The Python API provides specialized configuration classes that help provide only available options for the given type of model.

model_navigator.api.triton.BaseSpecializedModelConfig dataclass

Bases: ABC

Common fields for specialized model configs.

Read more in Triton Inference server documentation

Parameters:

  • max_batch_size (int, default: 4 ) –

    The maximal batch size that would be handled by model.

  • batching (bool, default: True ) –

    Flag to enable/disable batching for model.

  • batcher (Union[DynamicBatcher, SequenceBatcher], default: dataclasses.field(default_factory=DynamicBatcher) ) –

    Configuration of Dynamic Batching for the model.

  • instance_groups (List[InstanceGroup], default: dataclasses.field(default_factory=lambda : []) ) –

    Instance groups configuration for multiple instances of the model

  • parameters (Dict[str, str], default: dataclasses.field(default_factory=lambda : {}) ) –

    Custom parameters for model or backend

  • response_cache (bool, default: False ) –

    Flag to enable/disable response cache for the model

  • warmup (Dict[str, ModelWarmup], default: dataclasses.field(default_factory=lambda : {}) ) –

    Warmup configuration for model

backend abstractmethod property

backend: Backend

Backend property that has to be overriden by specialized configs.

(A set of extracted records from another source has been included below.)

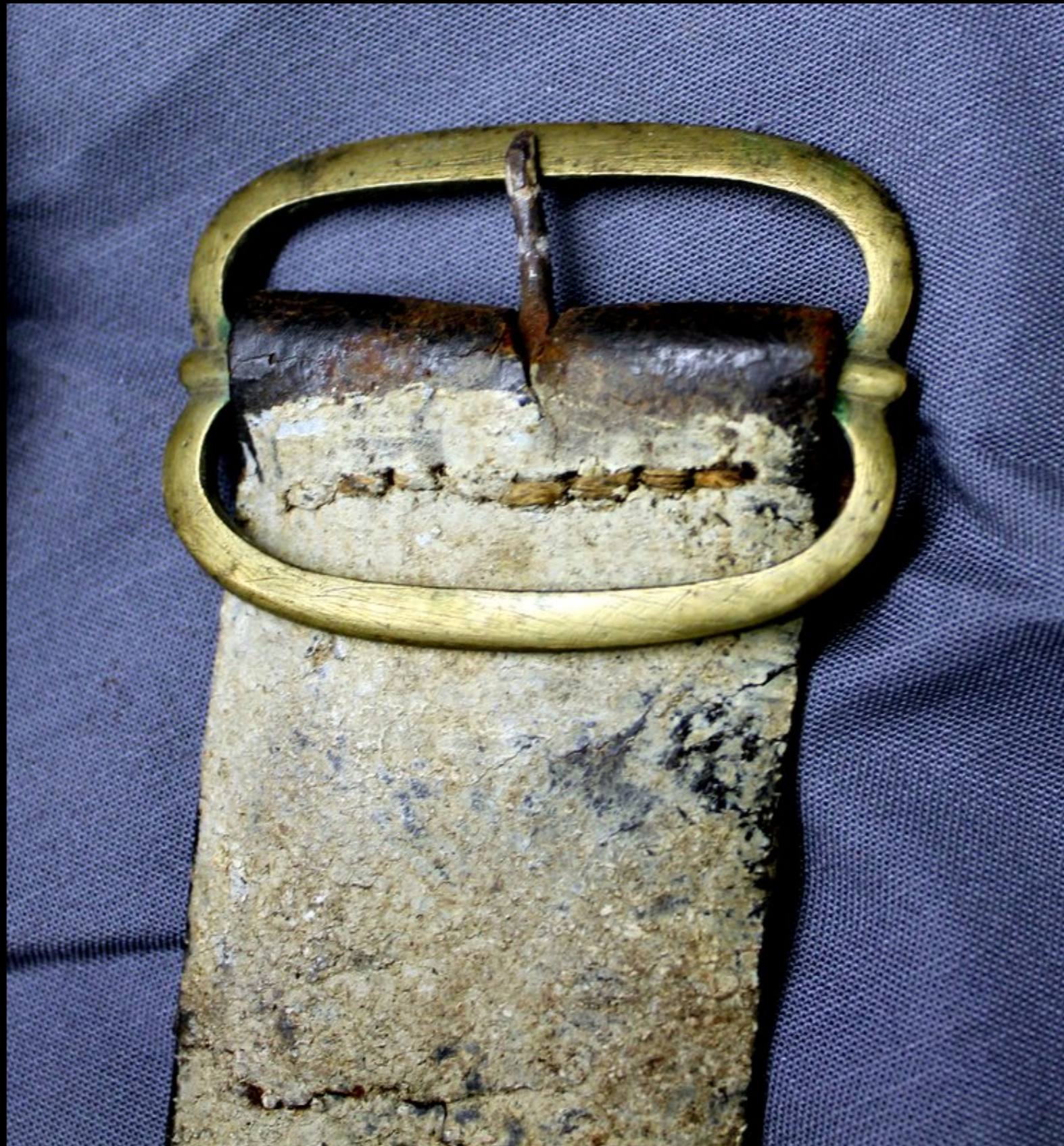
American New Invented Cartridge Pouch Stamped "U. STATES" with "American System" Closure (Don Troiani)
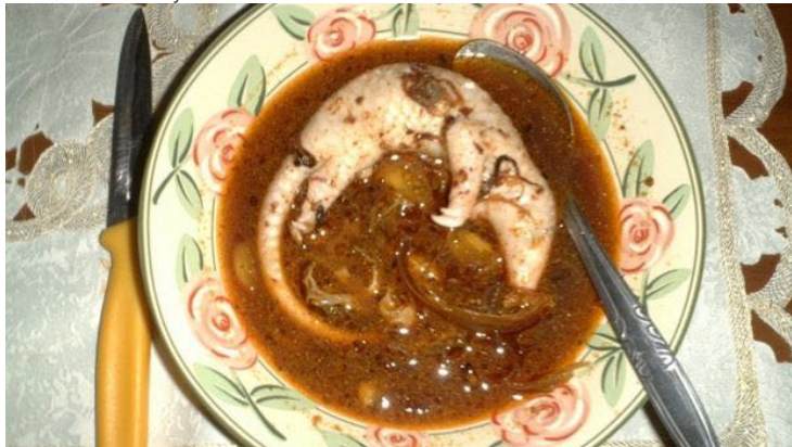
They are regarded as a delicacy in some countries

This week, authorities in Malaysia seized more than 27 tonnes of pangolins and their scales - believed to be worth at least £1.6m - on Borneo, in the biggest such haul in the country.
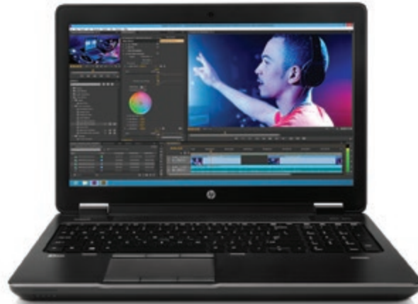
HP ZBook 15 Mobile Workstation

Push your creative limits with a powerful mobile workstation redesigned for productivity on the go.
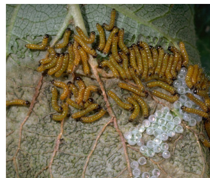
Figure 3. Young redhumped caterpillars and hatched eggs.
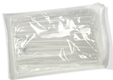
650.050.511 Inner Packs of 20 Sterile
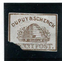
FORGERY E TAYLOR 1c BRONZE ON WHITE (60L1)
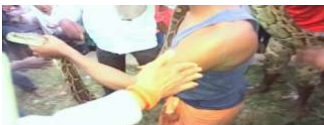
Figure 10: Python bivittatus
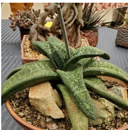
Gasteria batesiana
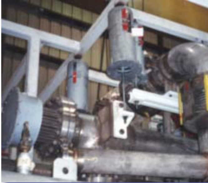
Figure 4: Variable Spring Hangers in new installation.

The following procedures should be followed when installing spring cans. These can be used for either Variable Load supports or Constant Load Hangers which are supported from the top. Bottom supported constants are discussed below.

model_navigator.api.triton.ONNXModelConfig dataclass

Bases: BaseSpecializedModelConfig

Specialized model config for ONNX backend supported model.

Parameters:

  • platform (Optional[Platform], default: None ) –

    Override backend parameter with platform. Possible options: Platform.ONNXRuntimeONNX

  • optimization (Optional[ONNXOptimization], default: None ) –

    Possible optimization for ONNX models

backend property

backend: Backend

Define backend value for config.

model_navigator.api.triton.ONNXOptimization dataclass

ONNX possible optimizations.

Parameters:

model_navigator.api.triton.PythonModelConfig dataclass

Bases: BaseSpecializedModelConfig

Specialized model config for Python backend supported model.

Parameters:

backend property

backend: Backend

Define backend value for config.

model_navigator.api.triton.PyTorchModelConfig dataclass

Bases: BaseSpecializedModelConfig

Specialized model config for PyTorch backend supported model.

Parameters:

backend property

backend: Backend

Define backend value for config.

model_navigator.api.triton.TensorFlowModelConfig dataclass

Bases: BaseSpecializedModelConfig

Specialized model config for TensorFlow backend supported model.

Parameters:

  • platform (Optional[Platform], default: None ) –

    Override backend parameter with platform. Possible options: Platform.TensorFlowSavedModel, Platform.TensorFlowGraphDef

  • optimization (Optional[TensorFlowOptimization], default: None ) –

    Possible optimization for TensorFlow models

backend property

backend: Backend

Define backend value for config.

model_navigator.api.triton.TensorFlowOptimization dataclass

TensorFlow possible optimizations.

Parameters:

model_navigator.api.triton.TensorRTModelConfig dataclass

Bases: BaseSpecializedModelConfig

Specialized model config for TensorRT platform supported model.

Parameters:

  • platform (Optional[Platform], default: None ) –

    Override backend parameter with platform. Possible options: Platform.TensorRTPlan

  • optimization (Optional[TensorRTOptimization], default: None ) –

    Possible optimization for TensorRT models

backend property

backend: Backend

Define backend value for config.

model_navigator.api.triton.TensorRTOptimization dataclass

TensorRT possible optimizations.

Parameters:

  • cuda_graphs (bool, default: False ) –

    Use CUDA graphs API to capture model operations and execute them more efficiently.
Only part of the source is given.